- [DATA]

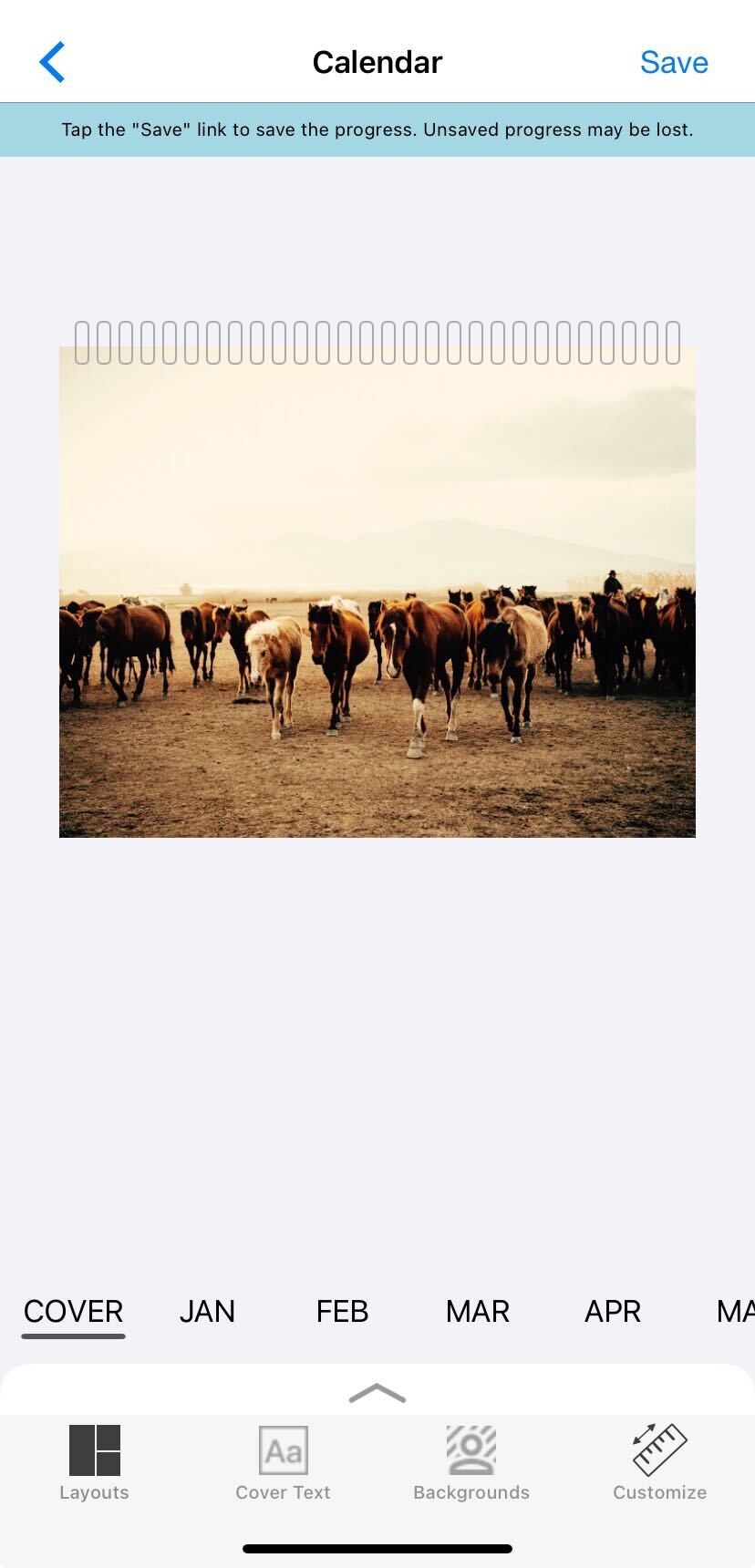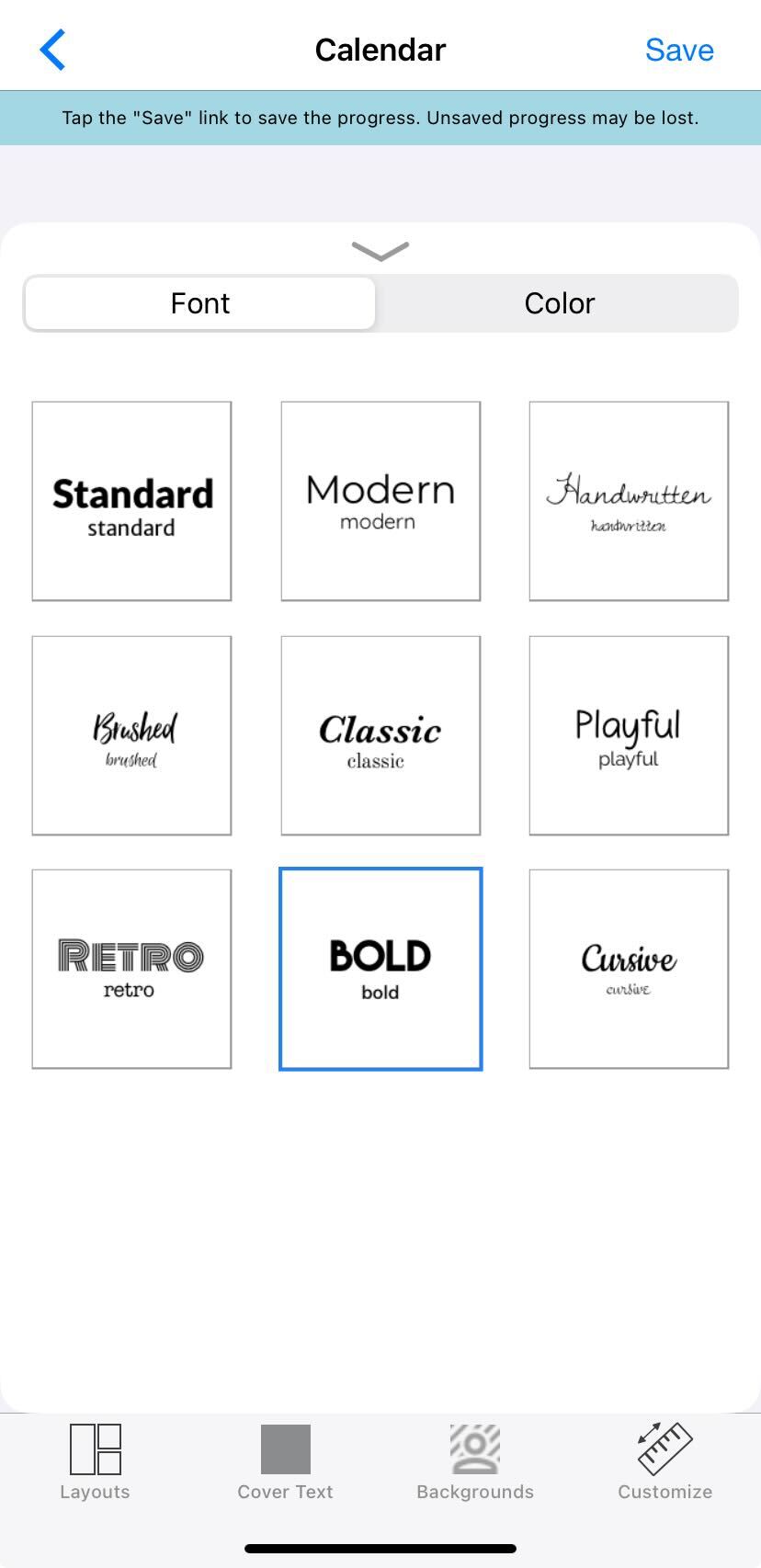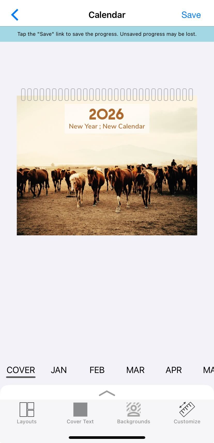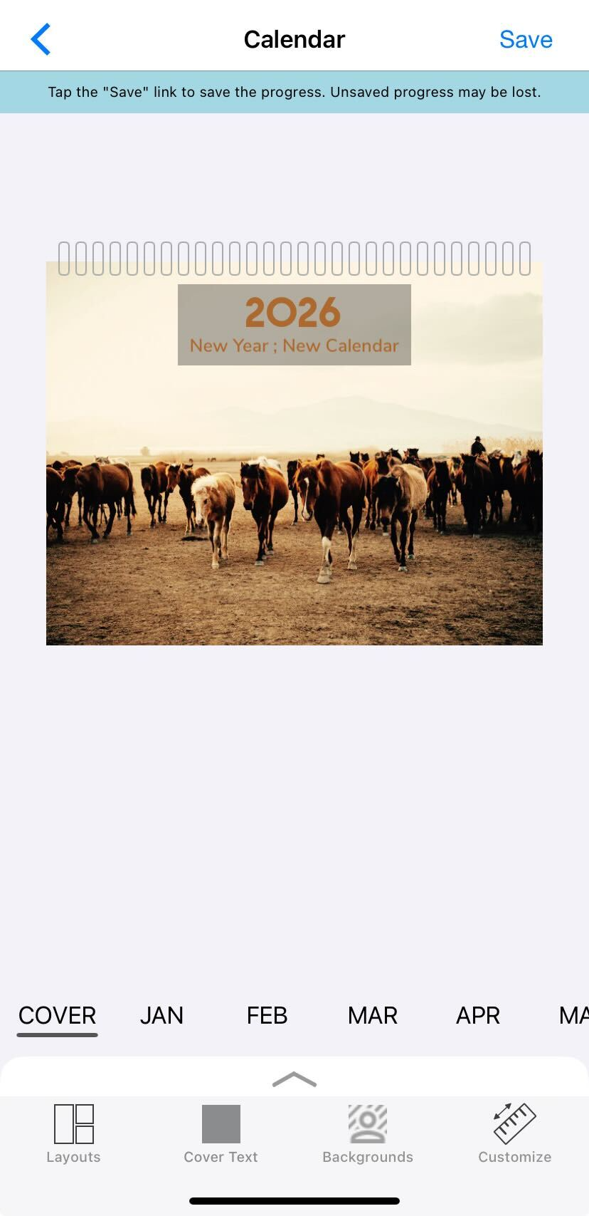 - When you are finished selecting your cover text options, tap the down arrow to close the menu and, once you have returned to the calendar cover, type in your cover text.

--

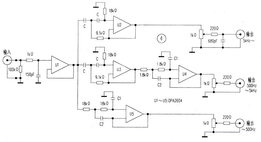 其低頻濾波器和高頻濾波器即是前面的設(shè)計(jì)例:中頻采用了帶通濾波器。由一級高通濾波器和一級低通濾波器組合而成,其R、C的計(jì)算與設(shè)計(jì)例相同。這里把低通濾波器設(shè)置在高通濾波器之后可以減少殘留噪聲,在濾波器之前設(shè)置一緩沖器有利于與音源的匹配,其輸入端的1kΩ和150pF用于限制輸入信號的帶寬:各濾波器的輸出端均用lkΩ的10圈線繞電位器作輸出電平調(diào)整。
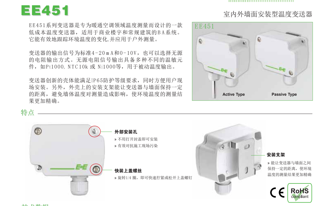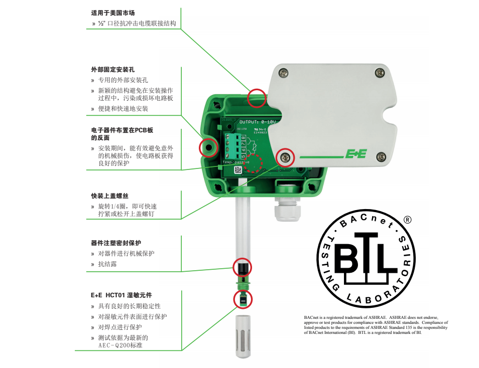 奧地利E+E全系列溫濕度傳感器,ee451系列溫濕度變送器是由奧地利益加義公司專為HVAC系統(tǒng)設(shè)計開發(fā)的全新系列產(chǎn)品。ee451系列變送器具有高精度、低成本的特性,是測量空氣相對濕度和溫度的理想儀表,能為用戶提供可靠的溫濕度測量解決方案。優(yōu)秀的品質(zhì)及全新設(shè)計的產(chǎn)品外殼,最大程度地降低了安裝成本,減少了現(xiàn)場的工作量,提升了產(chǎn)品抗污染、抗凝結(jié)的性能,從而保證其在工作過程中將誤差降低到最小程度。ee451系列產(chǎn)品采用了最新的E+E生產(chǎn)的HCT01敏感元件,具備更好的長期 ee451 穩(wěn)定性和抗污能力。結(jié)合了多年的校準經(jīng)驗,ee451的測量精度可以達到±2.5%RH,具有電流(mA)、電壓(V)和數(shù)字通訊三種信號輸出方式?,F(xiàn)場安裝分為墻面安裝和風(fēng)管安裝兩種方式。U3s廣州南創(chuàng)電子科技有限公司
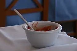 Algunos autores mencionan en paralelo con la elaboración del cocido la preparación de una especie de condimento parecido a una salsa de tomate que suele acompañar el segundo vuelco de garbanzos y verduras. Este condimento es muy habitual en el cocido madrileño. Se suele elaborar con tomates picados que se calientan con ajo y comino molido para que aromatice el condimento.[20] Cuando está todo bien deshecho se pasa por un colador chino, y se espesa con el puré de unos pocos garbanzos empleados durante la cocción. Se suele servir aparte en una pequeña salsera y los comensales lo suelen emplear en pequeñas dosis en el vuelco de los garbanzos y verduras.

- [EXERCISE AIM]
Transcribe exactly the lines above, beginning at the one with "其低頻濾波器和高頻濾波器即是" and going up to and including the one with "Algunos autores mencionan". Pictures do not belong in the copy.

- [WORKED SOLUTION]
 其低頻濾波器和高頻濾波器即是前面的設(shè)計(jì)例:中頻采用了帶通濾波器。由一級高通濾波器和一級低通濾波器組合而成,其R、C的計(jì)算與設(shè)計(jì)例相同。這里把低通濾波器設(shè)置在高通濾波器之后可以減少殘留噪聲,在濾波器之前設(shè)置一緩沖器有利于與音源的匹配,其輸入端的1kΩ和150pF用于限制輸入信號的帶寬:各濾波器的輸出端均用lkΩ的10圈線繞電位器作輸出電平調(diào)整。
 奧地利E+E全系列溫濕度傳感器,ee451系列溫濕度變送器是由奧地利益加義公司專為HVAC系統(tǒng)設(shè)計開發(fā)的全新系列產(chǎn)品。ee451系列變送器具有高精度、低成本的特性,是測量空氣相對濕度和溫度的理想儀表,能為用戶提供可靠的溫濕度測量解決方案。優(yōu)秀的品質(zhì)及全新設(shè)計的產(chǎn)品外殼,最大程度地降低了安裝成本,減少了現(xiàn)場的工作量,提升了產(chǎn)品抗污染、抗凝結(jié)的性能,從而保證其在工作過程中將誤差降低到最小程度。ee451系列產(chǎn)品采用了最新的E+E生產(chǎn)的HCT01敏感元件,具備更好的長期 ee451 穩(wěn)定性和抗污能力。結(jié)合了多年的校準經(jīng)驗,ee451的測量精度可以達到±2.5%RH,具有電流(mA)、電壓(V)和數(shù)字通訊三種信號輸出方式?,F(xiàn)場安裝分為墻面安裝和風(fēng)管安裝兩種方式。U3s廣州南創(chuàng)電子科技有限公司
 Algunos autores mencionan en paralelo con la elaboración del cocido la preparación de una especie de condimento parecido a una salsa de tomate que suele acompañar el segundo vuelco de garbanzos y verduras. Este condimento es muy habitual en el cocido madrileño. Se suele elaborar con tomates picados que se calientan con ajo y comino molido para que aromatice el condimento.[20] Cuando está todo bien deshecho se pasa por un colador chino, y se espesa con el puré de unos pocos garbanzos empleados durante la cocción. Se suele servir aparte en una pequeña salsera y los comensales lo suelen emplear en pequeñas dosis en el vuelco de los garbanzos y verduras.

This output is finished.